Trump’s impeachment may hang on a point of grammar

Comey_Screen_Shot_2017_06_08_at_11.05.09_AM.0
James Comey speaking to the Senate Intelligence Committee on 8 June 2017

“I hope you can see your way clear to letting this go, to letting Flynn go. He is a good guy. I hope you can let this go.”

Donald Trump spoke these words to James Comey, former Director of the FBI, at a private meeting in the Oval Office.  As Alex Ward of vox.com states, these are the most important words of Comey’s testimony today to the House Intelligence Committee.  Comey felt that these were a direction to him by the President of the United States.

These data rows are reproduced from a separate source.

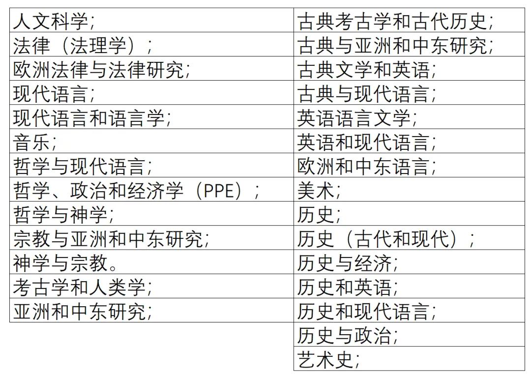 牛津大學(xué)28個(gè)專業(yè)最低要求是AAA,主要是偏人文一類專業(yè),例如歷史、法學(xué)、考古學(xué)、人類學(xué)等。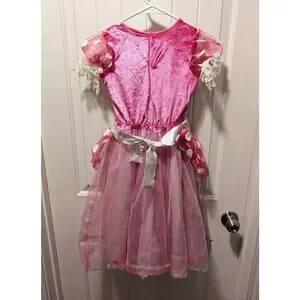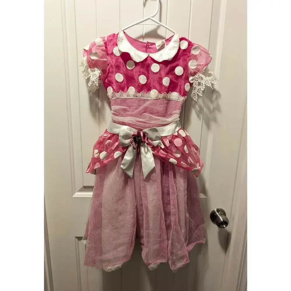 Disney Store Minnie Mouse Pink White Princess Dress Halloween Costume Size S 4-6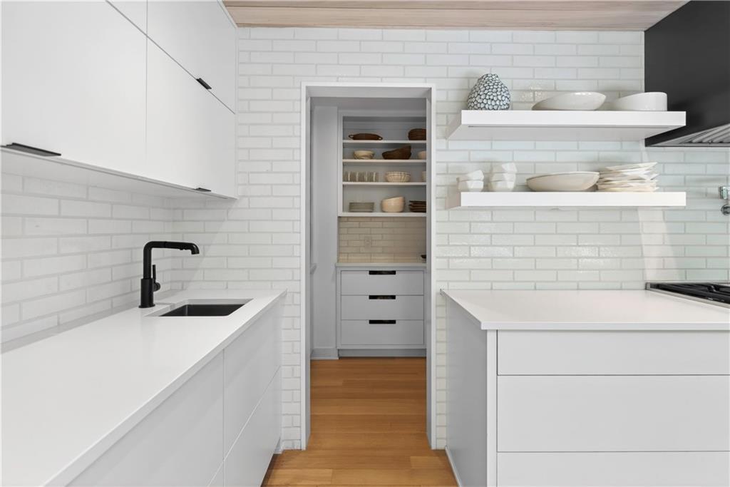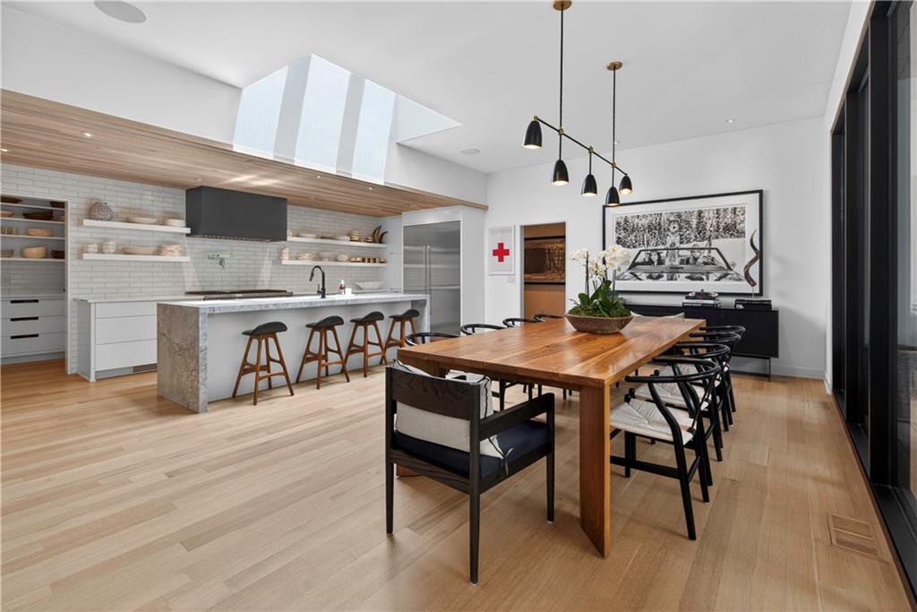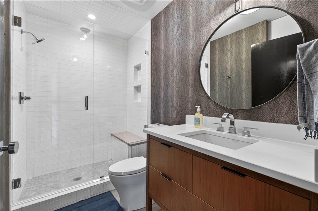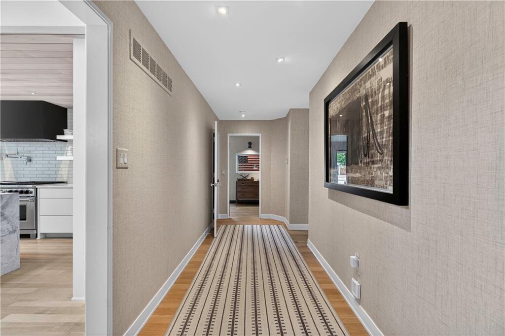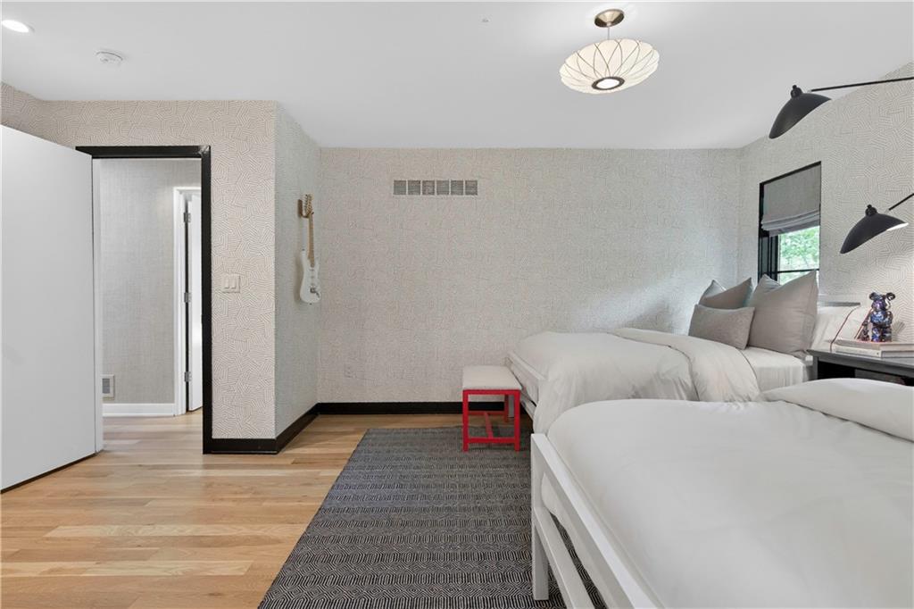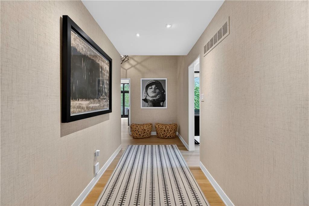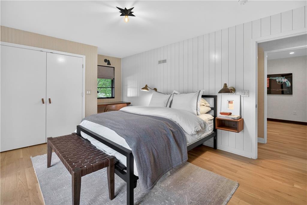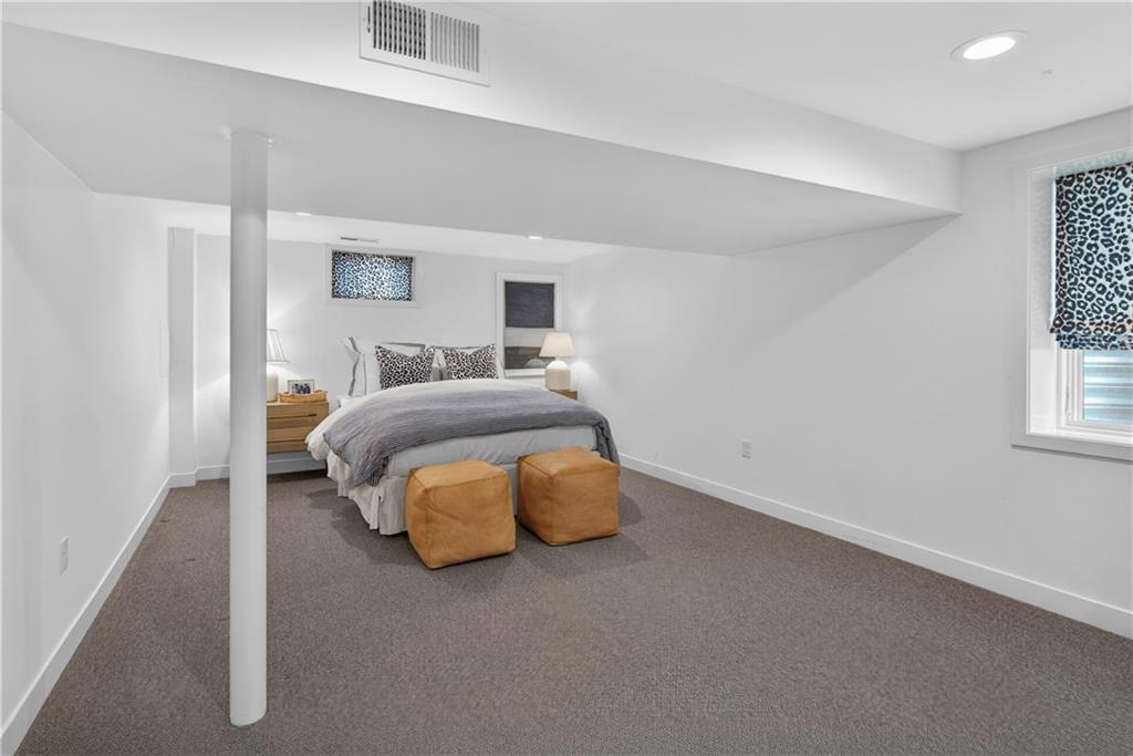 This one-of-a-kind residence is nothing short of breathtaking. Effortlessly blending style, comfort, and sophistication, it captures the essence of relaxed California living. Every detail reflects a designer’s elevated vision, with thoughtfully curated, high-end finishes throughout. Taken down to the studs and completely reimagined for today’s lifestyle, this home offers everything you’ve been looking for and more. The open-concept floor plan is anchored by walls of windows that flood the space with natural light, creating a bright, airy atmosphere ideal for both everyday living and entertaining. The chef’s kitchen is a showstopper, featuring custom cabinetry, premium appliances, a walk-in pantry, and stunning finishes—all seamlessly opening to gracious living and dining areas. The primary suite is a true retreat, complete with a private deck, spacious walk-in closet, and a spa-inspired bathroom designed for relaxation. Each additional bedroom is generously sized, beautifully updated, and offers its own en suite bathroom—providing comfort and privacy for family and guests alike. The finished lower level is an exceptional extension of the home, offering a stylish living area, wet bar, full bath, and a non-conforming fifth bedroom with an egress window. An incredible added bonus: a spacious basement addition creates the perfect space for a dedicated home gym, playroom, or flex space. Designed for effortless living, the home features a centrally located laundry room convenient to all bedrooms, along with a fabulous private office overlooking the backyard. The setting is a true private oasis. Enjoy a gorgeous covered deck with an outdoor fireplace, built-in grill, and expansive patio—perfect for entertaining or quiet evenings at home. The beautifully landscaped grounds are highlighted by a stunning row of hornbeam trees, adding both privacy and timeless charm.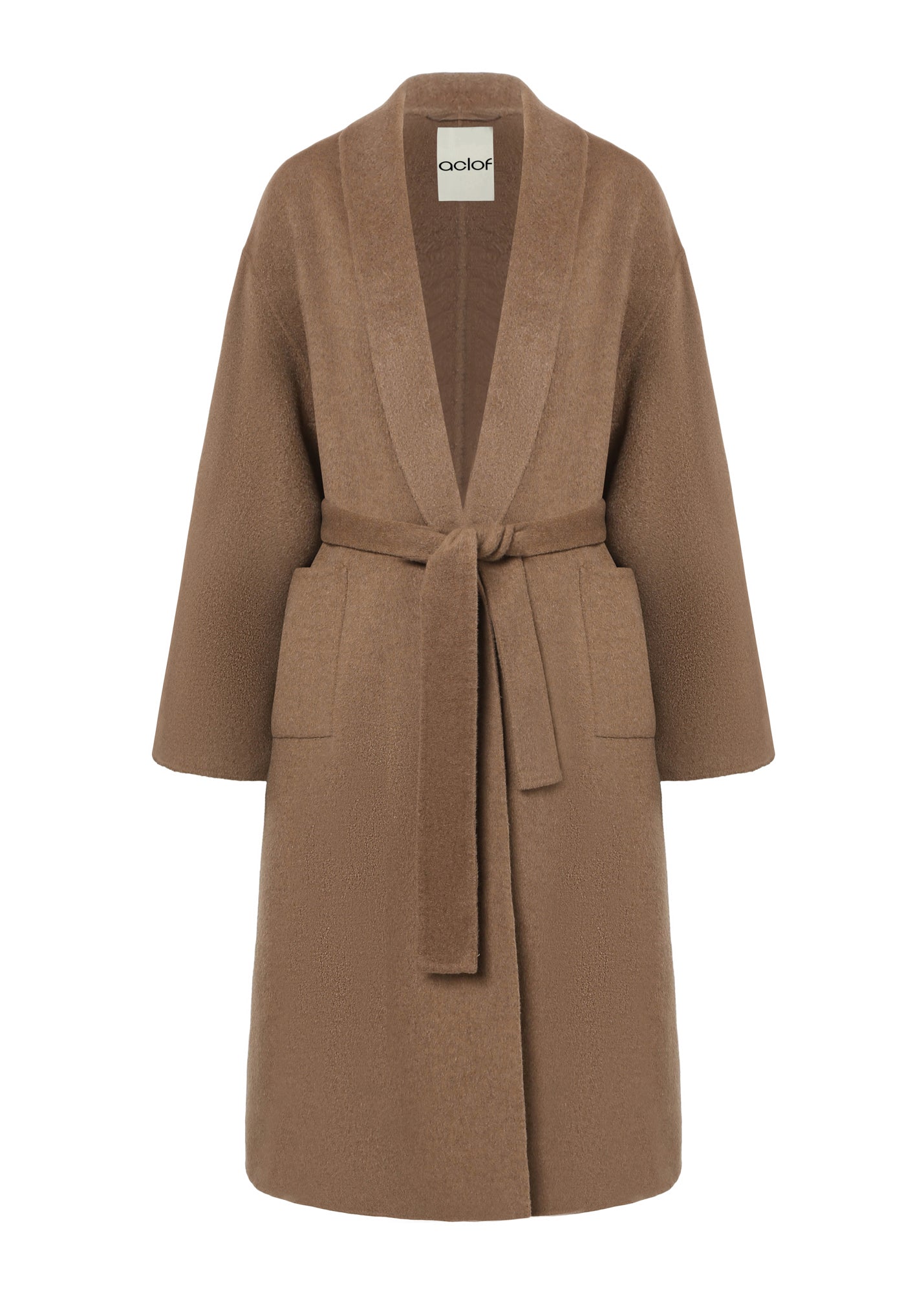 Knee-length warp coat in hand-sewn double-faced wool, cashmere, and lyocell with notched lapel collar, oversized patch pockets, and refined tailored finish.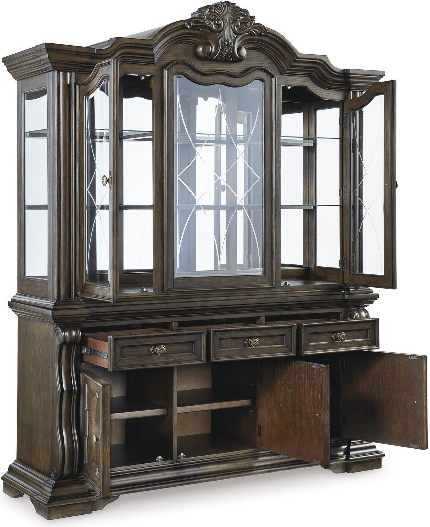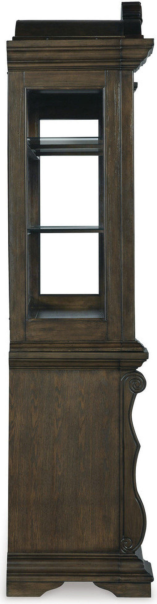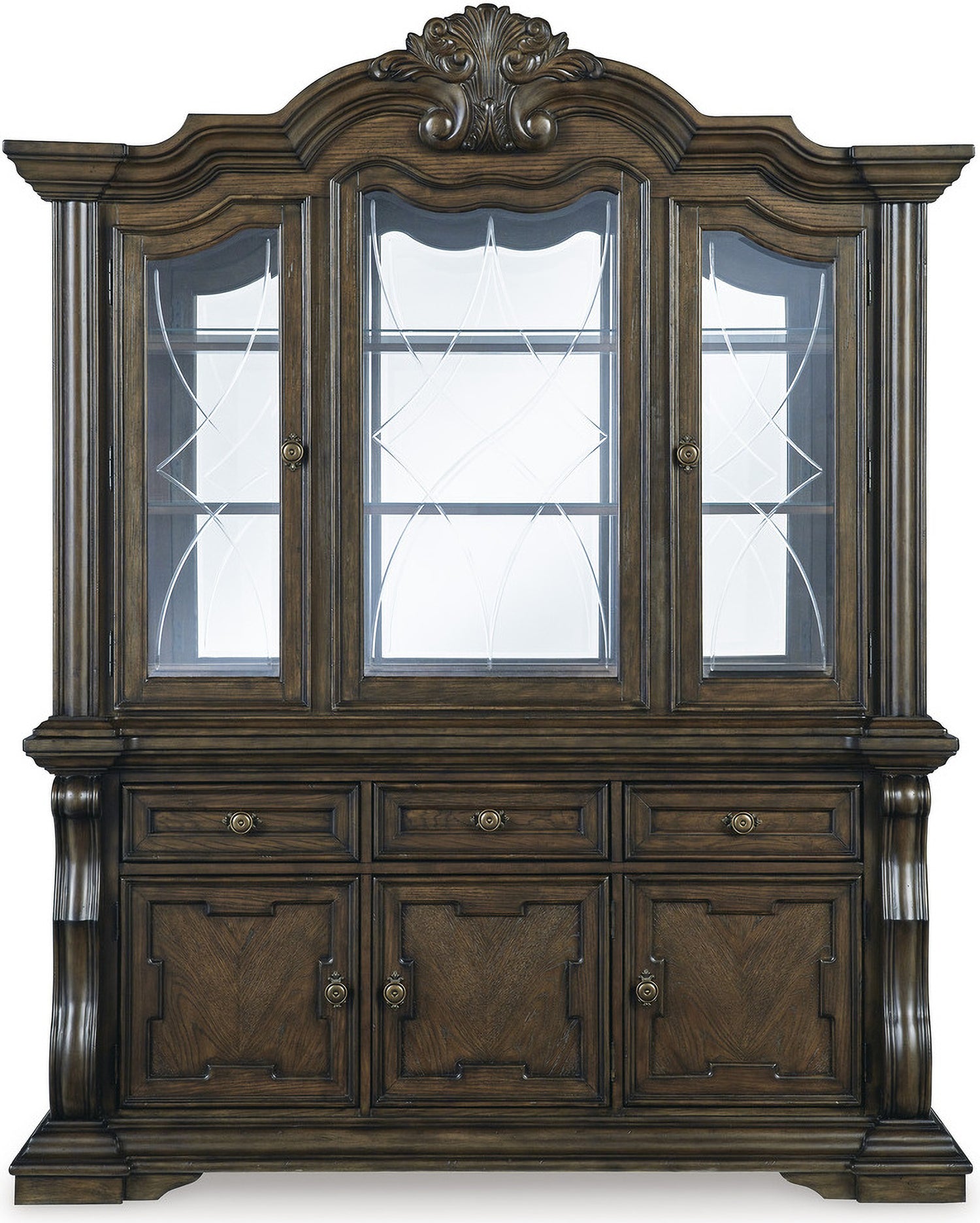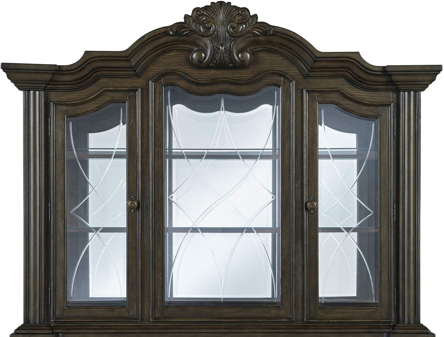 - Hutch features cabinet doors with beveled glass windows, mirrored glass interior, 2 clear glass shelves and LED display lighting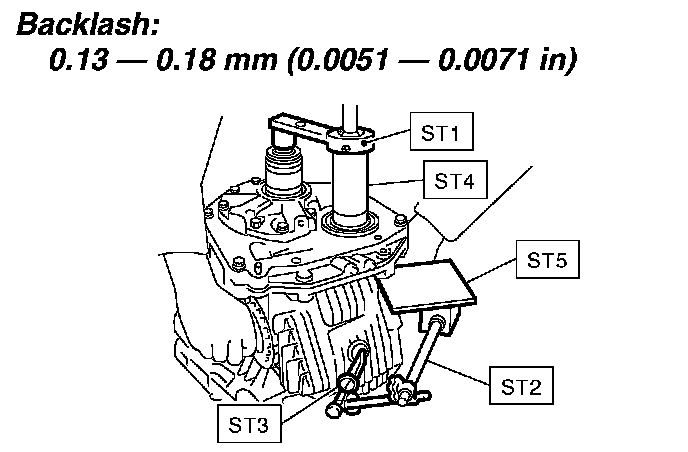9. Turn the drive pinion several times with ST1 and check to see if the backlash is within the specified value with ST2, ST3, ST4 and ST5.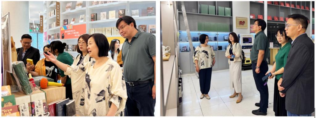 活動伊始,在國圖津灣副總經理袁鴻蕙陪同下,學院一行詳細參觀了國圖津灣文創空間的兩層布局。該空間融合國家圖書館深厚典籍底蘊與現代創意設計,展示了豐富的文化衍生品與創新閱讀體驗場景。通過實地走訪,老師們直觀感受了國圖津灣在活化傳統文化、推動文化創意產業發展方面的實踐成果。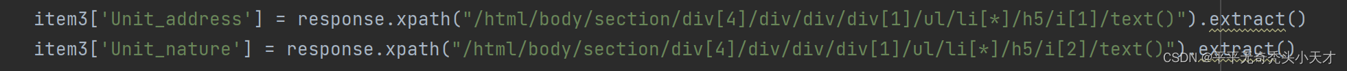??????? ????#其他错误 ??????? elif 'exception' in response.url: ??????????? print('Sorry exception') ? ??????????item0['key'] = {'key':response.meta,'_str':'EXCEPTION','alias':''} ??????????? yield item0 ??????? else: ????? ??????print('Request successfully') ? ??????# 定义每个页码的规则,用于提取链接 ??????? #直接进行链接提取出现重复,使用rule匹配规则 ??????? link2 = LinkExtractor(allow=r'page=\d+') ??????? rules = ( ??????????? # 实例化了一个规则解析器对象 ??????????? #follow实际上就为数据的去重 ??????????? Rule(link2, follow=True), ??????? ) ??????? links2 = link2.extract_links(response) ??????? if link2 != []: ??????????? for link in links2: ??????????????? print(link.url) ??????????????? self.url2.append(link.url) ??????????????? # 定义item2 ??????????????? item2 = ZhiweiurlItem() ??????????????? item2['del_url'] = link.url ??????????????? yield item2 ??????????????? # 传入下下级爬取信息 ??????????????? yield scrapy.Request(url=item2['del_url'], callback=self.dell_parse) ??????????????? # 第三层内容爬取(职位详细介绍) ??????? else: ??????????? link3= LinkExtractor(restrict_xpaths='/html/body/section/div[4]/div/div/div[1]/ul/li[*]/h5/a') ??????????? links3 = link3.extract_links(response) ??????????? item3 = ZhiweiItem() ??????????? item3['details'] = response.url ??????????? item3['Unit_address']= response.xpath("/html/body/section/div[4]/div/div/div[1]/ul/li[*]/h5/i[1]/text()").extract() ??????????? item3['Unit_nature']= response.xpath("/html/body/section/div[4]/div/div/div[1]/ul/li[*]/h5/i[2]/text()").extract() ??????????? yield item3 ??????????? for link in links3: ??????????????? item3 = ZhiweiItem() ??????????????? self.url3.append(link.url) ??????????????? item3['details'] = link.text ??????????????? yield item3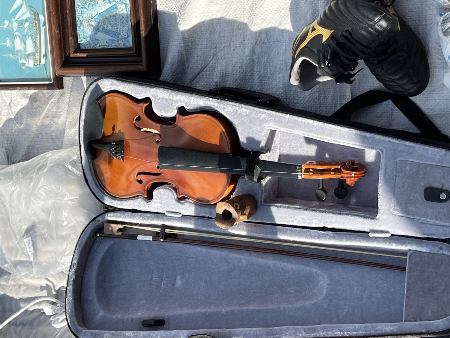 Потом — скрипка. Честно говоря, я вообще не разбираюсь в них, потому нужна помощь, чтобы определить, относительно ли ценный это инструмент или ширпотреб.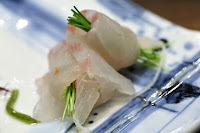Red sea bream (鯛) - with spicy grated radish and young scallions rolled inside.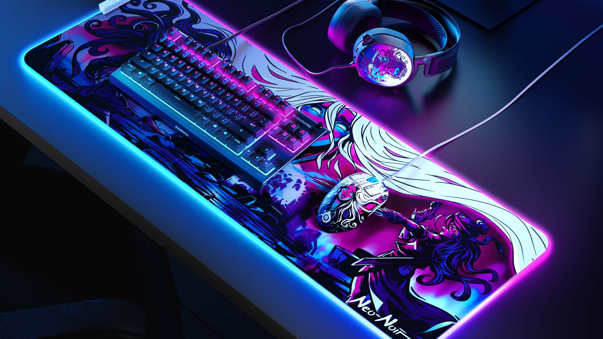 Nếu là một người chơi CS:GO lâu năm, chắc chắn bạn không thể không biết đến bộ skin vũ khí Neo-Noir siêu độc và vô cùng đẹp, và cũng rất đắt đỏ. Đây cũng chính là nguồn cảm hứng cho bộ Gaming gear mang phong cách Neo-noir ra đời.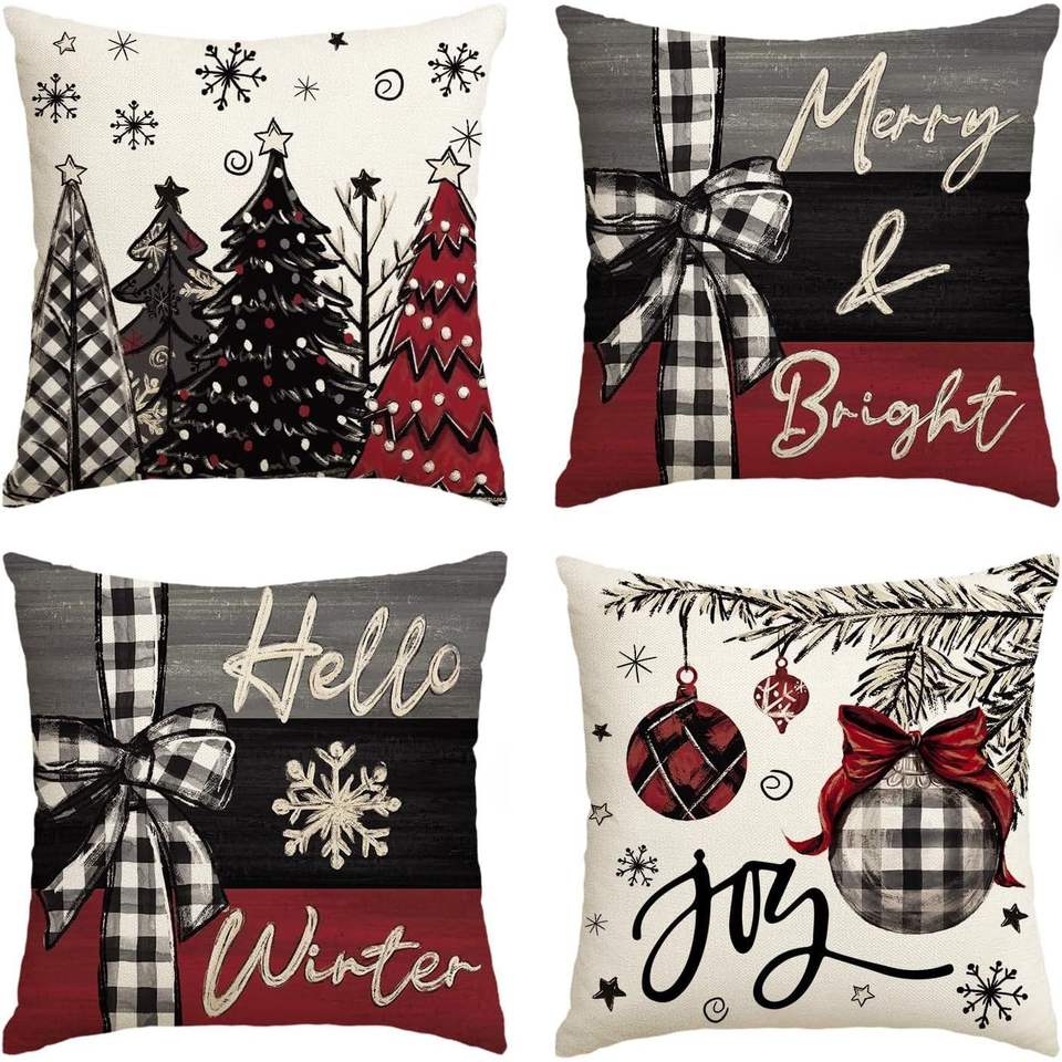 ColorLife Fodere per Cuscini Decorativi 45x45 cm con Alberi di Natale e Scritta 'Merry Christmas', Decorazioni Natalizie

Primary school children in England taking the new tests in grammar, punctuation and spelling will have been taught that a command always includes a verb in the imperative mood.  In everyday social life, however, the context of an utterance helps to determine its meaning. Any bedraggled six-year-old knows that a parent or teacher exclaiming “Look at the state of you!” is not merely giving a command.   And yet this exclamation (as it seems to me) is defined as a command in the current tests.

Questioning James Comey today, Senator James Risch sought to deflect Comey’s view that Trump had given him a direction:

Sen. James Risch

He did not direct you to let it go?

James Comey

Not in his words, no.

Sen. James Risch

He did not order you to let it go?

James Comey

Again, those words are not an order.

From a limited view of language separate from context, Trump’s words do not include an imperative and are not an order.  However, Comey felt that they had an imperative meaning if not an imperative form.  Pressed by Risch as to whether, as the former director of the FBI, he knew of any case where a person had been charged with a criminal offence for hoping for an outcome, Comey replied:

This is a president of the United States with me alone saying I hope this. I took it as, this is what he wants me to do. I didn’t obey that, but that’s the way I took it.

Comey is drawing attention to the context of Trump’s words, and in particular to the power relationship between himself and his interlocutor.  He is implicitly making a grammatical analysis of language as a social semiotic – as deriving much of its meaning from the context of use.

It remains to be seen whether the Senate Intelligence Committee will accept this more adequate socio-linguistic analysis of the President’s words.